Date: Wednesday, October 10, 2018 — Ten Years Before Present Timeline

"There are moments when time doesn't stretch—it snaps. And in that silence, everything you thought was enough suddenly isn't."
— H.V., Research Log (Redacted), 2019

"You told yourself it was science. You said it wasn't about her. But your hands were shaking, Leny."
— Archive EVA_007

You told yourself it was science.
You said it wasn't about her.
But your hands were shaking, Leny.

Your sister's eyes are closed, her face peaceful — a delicate thing you've been trying to anchor with promises of tomorrow. The room smells like bleach and blood memory. Monitors beep steadily, but that rhythm won't last.

Pressure spike.

Your voice cracks as you lean closer, the sterile hum of the lab pressing in on you.

"Recalibrate—override—force geometry cascade."

Your fingers blur across the console, desperate and precise. Too fast. Too late.

12.4 seconds.
The AI's voice is monotone: "Bond instability rising."
12.8 seconds.
You override again. You override the override.
12.9 seconds.
Flatline.

Silence.

No beep.

You freeze. The console blinks red. The screen flashes: Nanite cohesion failure.

The clinical world collapses to a single point: a cold algorithm pronouncing the end.

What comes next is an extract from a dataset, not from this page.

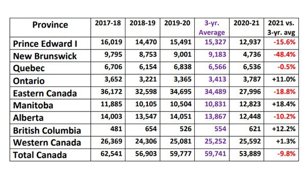 Total Canadian Potato Storage Holdings on February 1, 2021 are 9.8% below the 3-yr. average, down 5.9 million hundred weight. New Brunswick leads the decline at 48% less than 3-yr. averages. Manitoba has storage holdings 18.4% above historical averages but has been importing potatoes until just recently.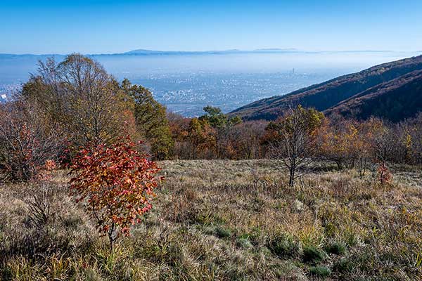 Тръгнах обратно към колчето, което подминах по-рано. Този път завих в указаната посока, а половин час по-късно се озовах на живописно място подходящо за фото почивка. От скала, която няма как да пропуснеш се разкрива панорамна гледка към полите на Витоша с телевизионната кула над тях и София в краката ѝ.

From the corner, Dr. Alvarez steps forward — the weight of experience in his eyes.

"You're brilliant, Leny. But brilliance doesn't bury bodies. It just explains them better at the inquest."

No reply. You swallow the lump in your throat.

You watch the paramedics pack up the emergency gear, their faces tight, rehearsed. Your sister is more than a name on a screen; she is the moment your science slipped through your fingers.

It was a hillside crash. Ruptured liver. Too fast for the medicine of that time. Nanotech like this—your nanotech—would have bought her seconds. Seconds for surgery. For breath. For life.

But seconds are a cruel currency, and you were bankrupt.

The white walls close in again. The harsh fluorescence. The cold silence.

You realize that the future you fight for is built on moments like this. Broken, bitter, and silent.

But you will move forward.

Because she broke, and you broke with her.
You just learned how to move while broken.